Winterreise – eine Reise in die Tiefen der Existenz

Einer der Höhepunkte der Wiener Festwochen war Franz Schuberts Winterreise mit Markus Hinterhäuser am Klavier und Matthias Goerne als Liedinterpret . Dazu verfilmete Zeichnungen von William Kentridge.

Die Kombination – Gesang und Video – gab es immer wieder, aber die Versuche liefen ins Leere. Meiner Meinung auch hier. Ganz einfach, weil gerade die Winterreise eine so starke, existentielle Aussage provoziert, dass der Zuhörer damit genug beschäftigt ist, seine inneren Bilder zu koordinieren. Außerdem war Goernes Interpretation so intensiv, dass Bilder, wären sie auch noch so interessant gewesen, nur störten. Ich habe, um die Lieder voll in mich aufzunehmen, versucht, nicht auf die Videos zu sehen -was natürlich fast unmöglich war. Wenn ich hinsah, hatte ich genug mit der Deutung zu tun. Es ist schon klar, dass Kentridge mit seinen gezeichneten Filmen die konservative, all zu vordergründige  Deutung der Winterreise brechen will. Aber ich wollte nicht wissen, wie und warum er gerade diese oder jene Bilder mit diesem oder jenem Lied verknüpft und spürte heftige Abwehr in mir, was mich wiederum von der Musik wegholte.

Während wir auf den Beginn warteten, durften wir uns den Kopf über die Pinwand des Künstlers zerbrechen. Papier, zerrissen, Entwürfe weg -geworfen, ver-worfen, Veruche, sich in der Musik zu orten? Fotos verblasst und verblasen. Alles ist Scheitern, künstlerisch und existentiell. Dann das erste Lied – Gute Nacht. Ein Baum, den der Wind entblättert. Manche Bilder waren überbordend, manche ließen mich ratlos werden, so etwa die Schnüre, die sich während des Liedes „Der Lindenbaum“ von den Ästen lösen, als hätte sich gerade jemand erhängt. Ganz ärgerlich fand ich die Bilder zum Lied „Wasserflut“ – da zeichnete Kendrige eine Dusche, einen Messbecher und immer wieder eine Kaffeetasse.
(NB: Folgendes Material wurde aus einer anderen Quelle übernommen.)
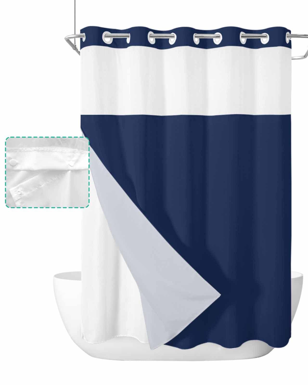- No Hook Shower Curtain with Liner Set: Say goodbye to tedious cleaning routines! Our shower curtain and liner set comes with a convenient detachable snap-on liner that is easy to remove off for clean. The Split Rings design snap in shower curtain liner replacement let you hang them easily. No need to buy hooks and no need to remove the rod. The "hookless" hooks on the top save you from having rusting metal hooks or cheap looking plastic hooks.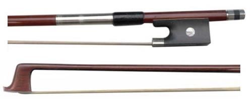 3/4 size Hardwood violin bow VBO823. Round. Natural hair. Full lined and half mounted ebonized hardwood frog. Well finished bow. Bow length 66cm.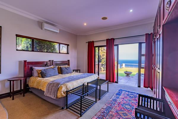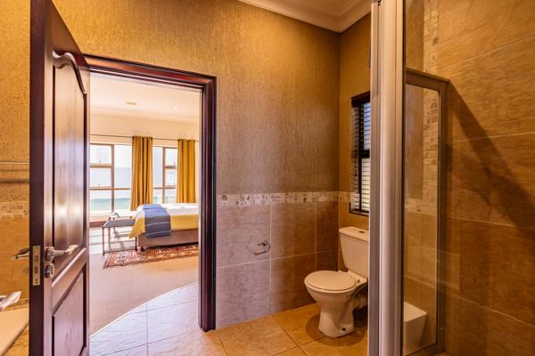 The main house features a spacious downstairs area with a large kitchen, lounge, scullery, dining area, and 3 bathrooms, accompanied by 4 comfortable bedrooms. Upstairs, the grand main bedroom boasts an ensuite bathroom and enjoys spectacular ocean views. Additional features include a guest bedroom and full bathroom, study, and bar area, all taking in the stunning views. Two further bedrooms are located upstairs, completing the impressive main house.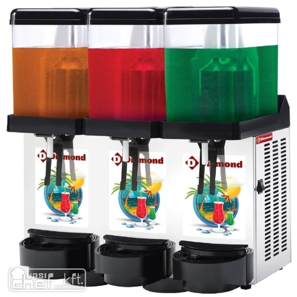 Hűtött italadagoló, 3x12 literes műanyag fedeles átlátszó polikarbonát tartállyal, tartályonként 1 adagolócsappal, környezetbarát R290 hűtőközeggel, led világítással és cserélhető képes reklámpanellel, +2/+8°C között szabályozható hőmérséklettel, rozsdamentes acél hűtőegység burkolattal
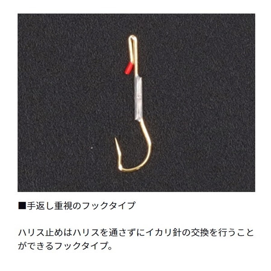 徳用24本入り。差しやすく抜けにくい定番サカサ針のマーキング付きフックタイプ。差しやすく抜けにくいダイワ独自の先出し形状の針を搭載したフック式サカサ針。ハリス止めはハリスを通さずにイカリ針の交換を行うことができるフックタイプ。ハリス止めの先端にマーキングを施すことでハリスを沿える場所がわかりやすくハリス交換をより素早く確実に行うことが可能。★サイズ:2号 入数:24本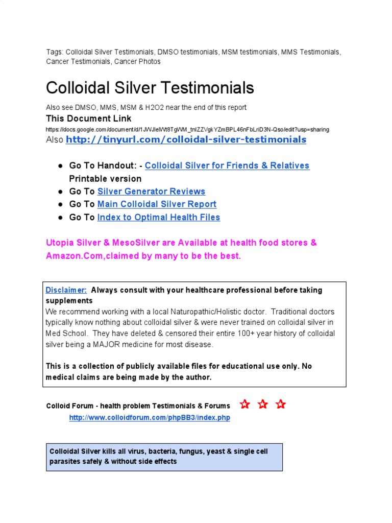 Cowdens research examined the effects of TOA-free Cats Claw on 28 people who had confirmed Lyme Disease. There is no scientific backing to support the use of colloidal silver in treating back pain or any other ailment 1. The inflammation infection around the heart recurred several times until I started taking colloidal silver. I also discovered that the colloidal silver at Vitamin Barn was a good brand but that Mesosilver was the best available so my friend and I agreed we should switch to Mesosilver. Brent Bauer of the Mayo Clinic 1 4. More Colloidal Silver Testimonials. But none of them did the trick in the last 4 years and not for my 5 year old either who got lyme at 11 mos and we were both treated the day we got the tick bite. I am only explaining how I got well. In researching colloidal silver because I was concerned about overdosing I discovered that it could also treat Lyme disease.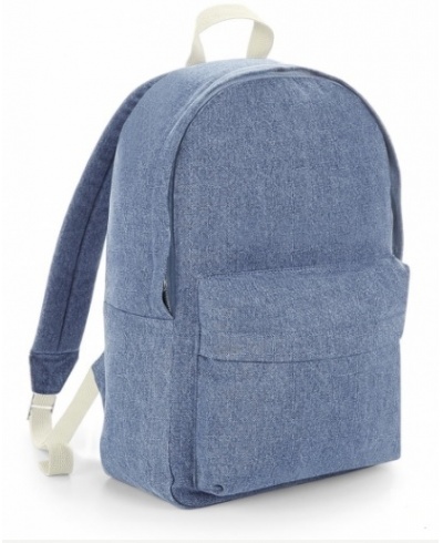 Material: 100% Soft Cotton Denim; Dimensions: 43 x 28 x 15 cm;Capacity: 14.5 litres; TearAway label for ease of rebranding, zippered front pocket, internal slip pocket, grab handle, padded back panel, padded adjustable shoulder straps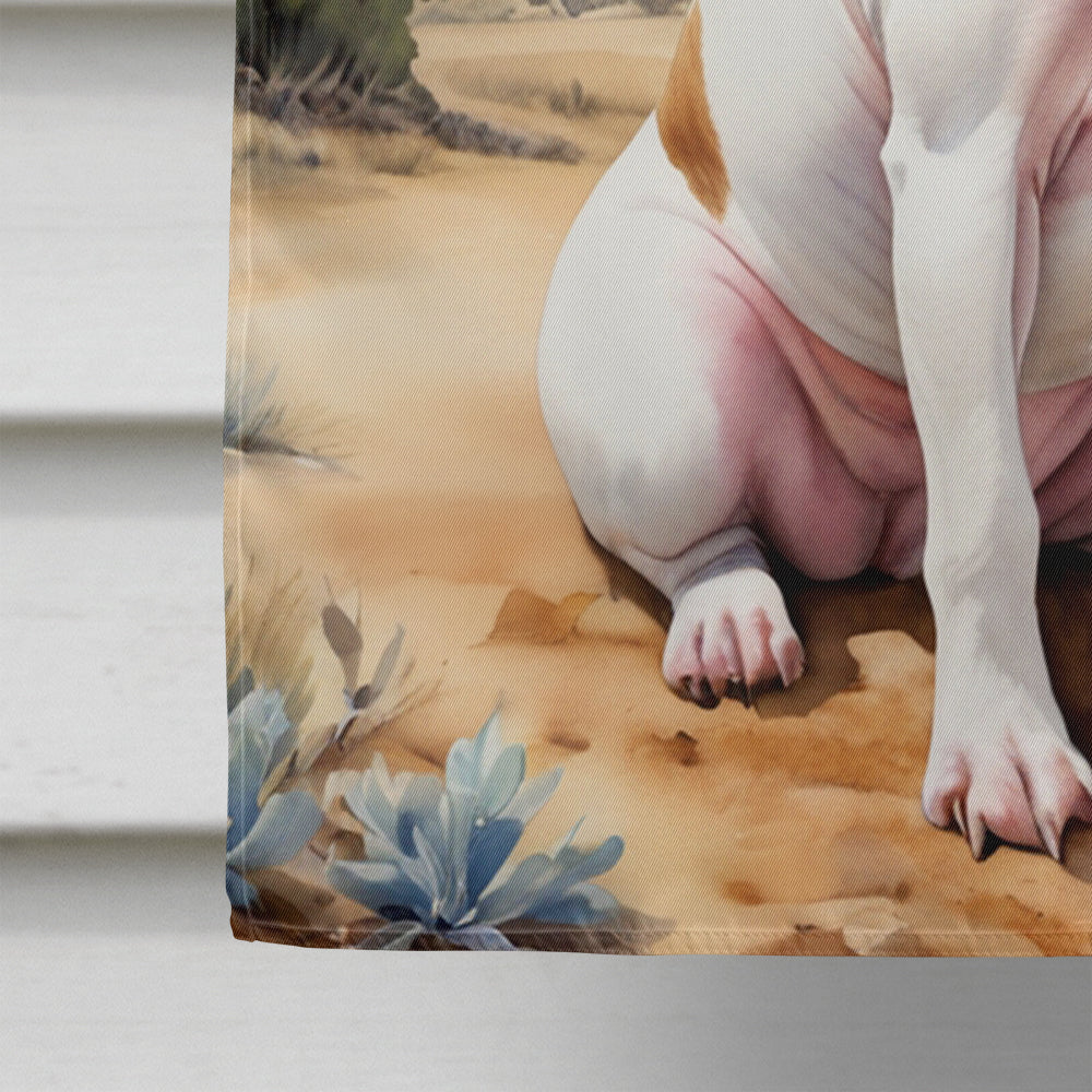 House Flag featuring breed specific Bull Terrier artwork. Presenting our Heavy Duty Polyester House Size Decorative Sleeve Pole Flag, a vibrant addition to enhance the aesthetic appeal of your home. This large decorative flag, measuring approximately 28 x 40 inches, offers ample coverage and visibility. Each flag is meticulously sewn and made individually, ensuring a unique piece that may slightly vary in size. It's a sleeve pole flag, designed to fit a standard decorative flag pole effortlessly. Please note that the flag pole and bracket are not included and should be purchased separately. What sets our flag apart is its dual-sided print. The design is mirrored on both sides of the fabric, allowing for uniform visibility regardless of the angle. Printed in full color, our flag showcases vibrant hues that truly stand out. To ensure lasting vibrancy and durability, the dyes are heat-set into the fabric. This ensures your flag remains bright and captivating through various weather conditions. Elevate the look of your home with our Heavy Duty Polyester House Size Decorative Sleeve Pole Flag!

Ein Abend, der trotz der Videos in die Tiefe ging. Das lag vor allem an den beiden Interpreten: Hinterhäuser, der seine Begleitung feinfühlig zu dosieren wusste, Goerne, dessen Einsatz bis ans Äußerste seiner Kräfte ging. Eine besseren Interpreten der Winterreise gibt es zur Zeit sicher nicht.